Отец ответил задумчиво, словно пытался убедить себя самого: «Всякий любит своих детей. Ты знаешь ведь, что прежде чем прыгнуть на жертву, тигр всегда оглядывается на тигренка. Так поступает даже животное — людоед, что уж говорить о человеке. Но коммунист обязан сделать большее. Он должен думать о других детях. Детях жертв».
Мама встала и вышла из комнаты. Возражать было бесполезно. Оставшись одна, она горько заплакала.
Отец сел за письмо. Он рвал черновик за черновиком. Он всегда был перфекционистом, а письмо Председателю Мао требовало особой тщательности. Ему предстояло не только выразить свои мысли предельно четко, но и смягчить возможные последствия, особенно для собственной семьи. Иными словами, критика не имела права выглядеть критикой. Он не мог позволить себе оскорбить Мао.

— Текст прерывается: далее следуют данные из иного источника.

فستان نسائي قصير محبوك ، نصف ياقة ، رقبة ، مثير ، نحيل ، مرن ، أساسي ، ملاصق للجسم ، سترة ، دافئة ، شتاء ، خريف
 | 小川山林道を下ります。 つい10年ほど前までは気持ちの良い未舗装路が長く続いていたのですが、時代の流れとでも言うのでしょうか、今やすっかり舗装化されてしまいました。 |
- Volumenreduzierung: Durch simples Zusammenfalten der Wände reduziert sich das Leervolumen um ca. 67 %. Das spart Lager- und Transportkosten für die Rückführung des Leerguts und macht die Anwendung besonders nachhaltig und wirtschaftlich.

О письме отец начал раздумывать в июне. В охоте на ведьм пострадали уже несколько его друзей, он хотел заступиться за них. Но ход событий помешал его планам. Помимо прочего, становилось все яснее, что скоро жертвой станет он сам. Однажды мама увидела в центре Чэнду большое дацзыбао, где отец прямо назывался «главным оппонентом культурной революции в Сычуани». Предъявлялось два обвинения: предыдущей зимой он воспрепятствовал печатанию статьи против «драм о чиновнике династии Мин» — первого призыва Мао к «культурной революции»; кроме того, он составил «апрельский документ», запрещавший преследования и сводящий «культурную революцию» к неполитической дискуссии.

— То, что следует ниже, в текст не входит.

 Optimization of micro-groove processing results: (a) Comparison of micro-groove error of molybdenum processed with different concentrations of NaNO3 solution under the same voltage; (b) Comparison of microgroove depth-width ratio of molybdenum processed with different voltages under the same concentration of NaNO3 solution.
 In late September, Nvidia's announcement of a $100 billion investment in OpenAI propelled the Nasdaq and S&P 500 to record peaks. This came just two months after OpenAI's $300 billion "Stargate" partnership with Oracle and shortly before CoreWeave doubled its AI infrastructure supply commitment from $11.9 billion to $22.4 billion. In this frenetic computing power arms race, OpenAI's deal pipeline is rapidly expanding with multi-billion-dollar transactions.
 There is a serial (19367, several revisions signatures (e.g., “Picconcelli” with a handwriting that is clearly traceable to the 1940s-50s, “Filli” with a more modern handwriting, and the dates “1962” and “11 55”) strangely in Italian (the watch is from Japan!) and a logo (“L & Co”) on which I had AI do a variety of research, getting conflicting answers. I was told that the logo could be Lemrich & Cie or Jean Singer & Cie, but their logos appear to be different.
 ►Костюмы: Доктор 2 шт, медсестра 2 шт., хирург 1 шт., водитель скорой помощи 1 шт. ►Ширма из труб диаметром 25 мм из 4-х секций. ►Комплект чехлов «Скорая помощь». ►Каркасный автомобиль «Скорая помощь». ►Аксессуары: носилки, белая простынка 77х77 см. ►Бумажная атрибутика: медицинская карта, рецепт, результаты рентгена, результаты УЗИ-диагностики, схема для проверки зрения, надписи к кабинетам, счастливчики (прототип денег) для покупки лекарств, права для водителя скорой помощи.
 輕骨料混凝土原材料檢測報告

Когда мама рассказала отцу о дацзыбао, он сразу же заключил, что это дело рук партийного руководства провинции. Две вещи, в которых его обвиняли, были известны только небольшому кругу людей наверху. Отец не сомневался, что они решили сделать из него козла отпущения, и знал почему. Студенты чэндуских университетов повели наступление против провинциальной администрации. Группа по делам культурной революции информировала студентов больше, чем школьников — им сообщили, что главной целью Мао было уничтожить «попутчиков капитализма», то есть партработников. Среди студентов почти не было детей высокопоставленных чиновников, потому что партийные деятели, как правило, женились только после основания Китайской Народной Республики в 1949 году, и, соответственно, не имели детей студенческого возраста. Не будучи заинтересованными в сохранении существующей ситуации, студенты с удовольствием ополчились на партработников.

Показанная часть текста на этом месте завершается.